Data shown START

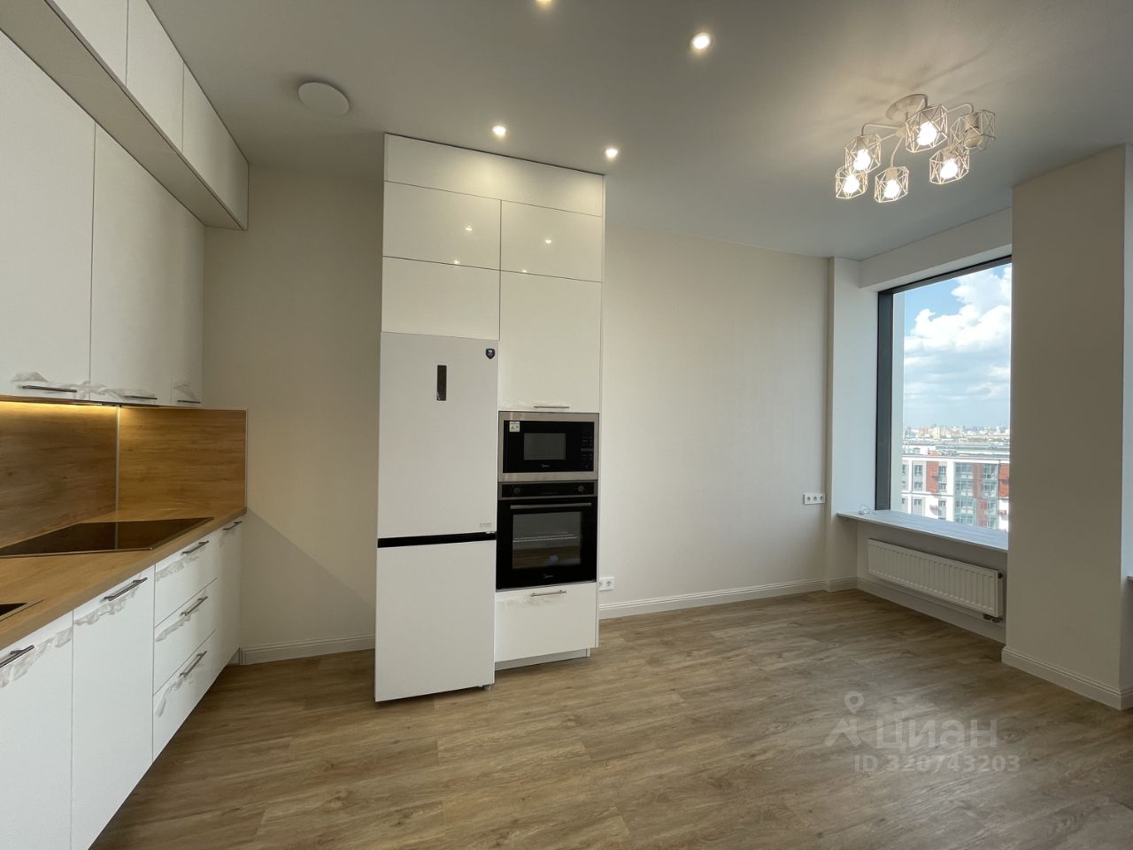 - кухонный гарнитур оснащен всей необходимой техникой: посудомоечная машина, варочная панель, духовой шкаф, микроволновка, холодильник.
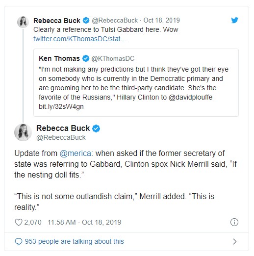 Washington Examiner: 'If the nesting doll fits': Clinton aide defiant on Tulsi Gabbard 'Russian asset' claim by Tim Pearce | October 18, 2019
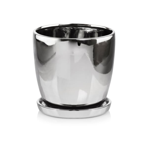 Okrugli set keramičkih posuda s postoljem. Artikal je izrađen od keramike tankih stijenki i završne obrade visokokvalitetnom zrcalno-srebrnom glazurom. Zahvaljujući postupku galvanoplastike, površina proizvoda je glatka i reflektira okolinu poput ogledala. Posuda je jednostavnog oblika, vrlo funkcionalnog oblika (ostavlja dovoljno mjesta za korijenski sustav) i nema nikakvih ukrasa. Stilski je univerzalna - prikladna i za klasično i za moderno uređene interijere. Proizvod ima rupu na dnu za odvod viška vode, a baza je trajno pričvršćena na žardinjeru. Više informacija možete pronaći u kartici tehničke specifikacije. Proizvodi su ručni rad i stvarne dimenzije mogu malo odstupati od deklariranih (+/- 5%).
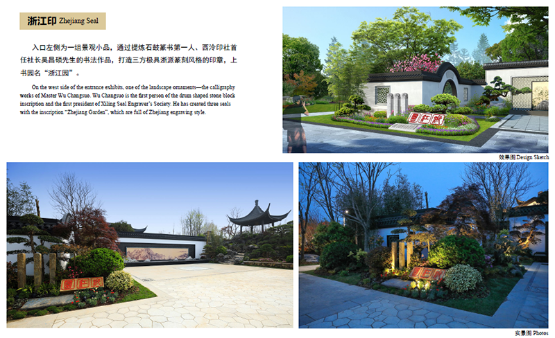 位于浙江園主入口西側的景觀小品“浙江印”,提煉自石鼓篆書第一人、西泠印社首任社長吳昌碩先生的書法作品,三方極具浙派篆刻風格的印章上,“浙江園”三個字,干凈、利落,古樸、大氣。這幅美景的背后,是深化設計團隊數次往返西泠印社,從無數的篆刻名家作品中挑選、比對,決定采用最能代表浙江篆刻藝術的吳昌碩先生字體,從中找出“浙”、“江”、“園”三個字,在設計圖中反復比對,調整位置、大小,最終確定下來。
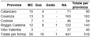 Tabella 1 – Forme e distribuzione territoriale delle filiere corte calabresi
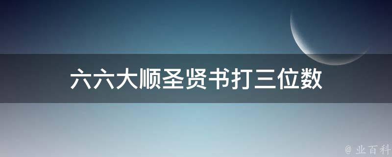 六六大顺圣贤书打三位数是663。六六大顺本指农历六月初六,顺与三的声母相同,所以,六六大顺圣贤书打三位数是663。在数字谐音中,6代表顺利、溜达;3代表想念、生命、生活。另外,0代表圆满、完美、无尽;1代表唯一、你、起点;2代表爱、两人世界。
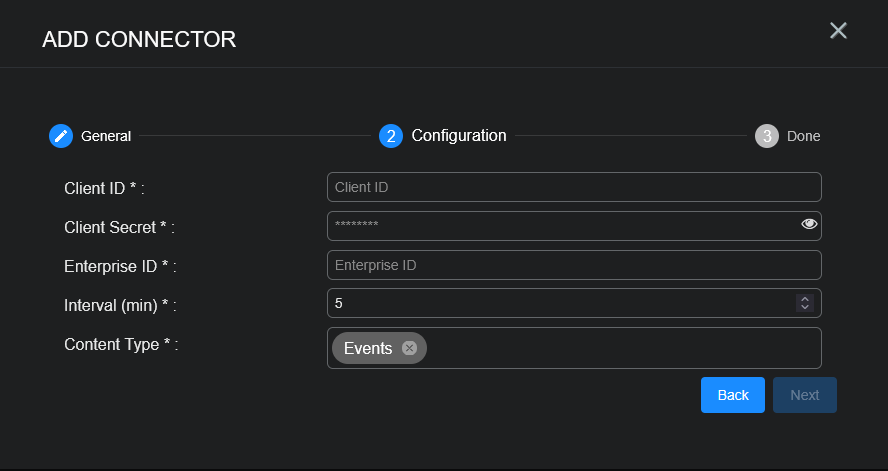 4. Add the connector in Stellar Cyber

Data shown END

◆ How to complete this task:
With the pictures left out, please output each line from the one containing "六六大顺圣贤书打三位数是663。六六大顺" through the end of the entries, exactly as it is.

◆ Response area:
 六六大顺圣贤书打三位数是663。六六大顺本指农历六月初六,顺与三的声母相同,所以,六六大顺圣贤书打三位数是663。在数字谐音中,6代表顺利、溜达;3代表想念、生命、生活。另外,0代表圆满、完美、无尽;1代表唯一、你、起点;2代表爱、两人世界。
 4. Add the connector in Stellar Cyber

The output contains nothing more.